It’s a whole year since I was congratulating myself on a whole year’s worth of weekly blog posts

2 candles on a calendarSo, what’s the same and what’s changed in the last year? To begin with, an update on the items I mentioned a year ago

Microsoft Security Essentials

I had recently introduced MSE as the antivirus program on my main computer. It’s behaved perfectly in the year since then. No viruses, no dramas, no complaints. It’s free, unobtrusive, and has a reasonable reputation for doing its job properly. I can’t imagine why I would want Norton, McAfee, Kaspersky or any of the other paid-for, bloated, antivirus programs.

AVG Free Antivirus

I said a year ago that I’d stopped recommending this as their marketing tactics (in leading users of the free product to upgrade to the paid product) had become too aggressive. They must have been listening to complaints such as mine as one client asked me this year to backtrack their system from the accidental installation of the paid version, and AVG offered to reinstate the free version that the client had previously been using.
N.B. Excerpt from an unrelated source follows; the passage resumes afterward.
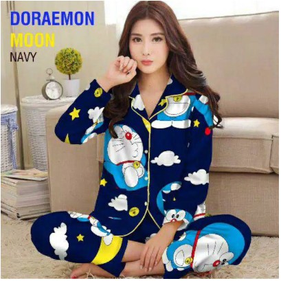 Baju Tidur Piyama Doraemon Navy Lengan Panjang Shopee Indonesia
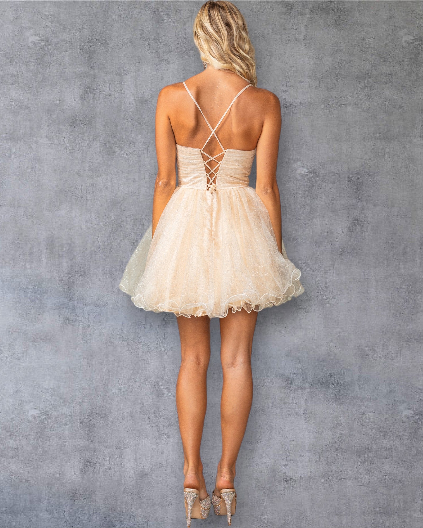 Vestido corto de tul brillante con tirantes finos y espalda cruzada con cordones

This is an improvement. Apart from the their marketing tactics, my experience of AVG Free antivirus had always been positive.

Zen Internet

Zen keep on winning awards for the best ISP. If price is the most important aspect of your broadband provision then I recommend investigating PlusNet as their support is also based in the UK. If you just want the best service and think it’s worth paying to make sure you get it, then I would continue to recommend Zen. In all the support calls I’ve made to ISPs on behalf of clients in the last 12 months I’ve seen nothing to suggest that the likes of BT, Talk Talk, AOL, Virgin, have done anything at all to improve the service they provide when something goes wrong with their broadband service.

What else has changed in the last year?

Dropbox

Dropbox logoDropbox is a cloud-based storage system that allows you to synchronise content between your different computers, access your content from other computers, and share folders (and their contents) with other people. It’s gained a really strong foothold over the last year or two and there are “apps” for other devices (such as iPhones and Android devices) that give you access to the contents of your Dropbox folders on those devices. Plenty of other apps are now also allowing you to share their data between your different computers/devices by using Dropbox. Dropbox doesn’t give you the most free space of the cloud-based storage systems. If you need lots of free space, look at Google Drive or Box or Microsoft’s SkyDrive. It does seem, though, that Dropbox is the most prevalent of the cloud storage services. If the initial 2gb of free space is not enough, you can either pay for more space or “earn” more space by recommending new users and/or jumping through other hoops that Dropbox offer you. Click here to get your free Dropbox account (and you’ll earn both yourself and me more free space if you use this link!)

Windows 8

Windows 8 LogoWindows 8 has just been released. It’s too soon to say how it’s being received but the predictions were that it might just not succeed in combining the requirements of touchscreen devices (such as tablets) with the requirements of a “proper”, keyboard and mouse, system. From what I’ve seen of it so far I think it might be OK.

I was thinking that it might be time to install it on my main machine, so I ran Microsoft’s Upgrade Assistant to see if any problems were anticipated. I was quite surprised to find that Windows 8 claims not to be compatible with Microsoft’s Access 2007 (although other modules in the 2007 version of Office appear to be ok). Life starts to get a bit complicated at this point as Office 2013 is expected to be released in the first quarter of 2013. So would people in my position upgrade to Access 2010 now or wait for Access 2013?

If it wasn’t for the fact that I need to get a grip on Windows 8 in order to help out my computer support clients then I’d let sleeping dogs lie for the time being. Another reason for waiting a while is that iTunes for Windows is not currently compatible with Windows 8. I think that most of my clients would only need to think about Windows 8 if they are going to buy a new machine. At the moment, if you buy a new Windows 7 machine you can upgrade to Windows 8 later for just £15, and maybe that would be the simplest decision to take for now. However, if you are thinking of buying a new Windows 8 machine then I would definitely run the upgrade assistant on your present setup to see if any other software will need to be upgraded or replaced.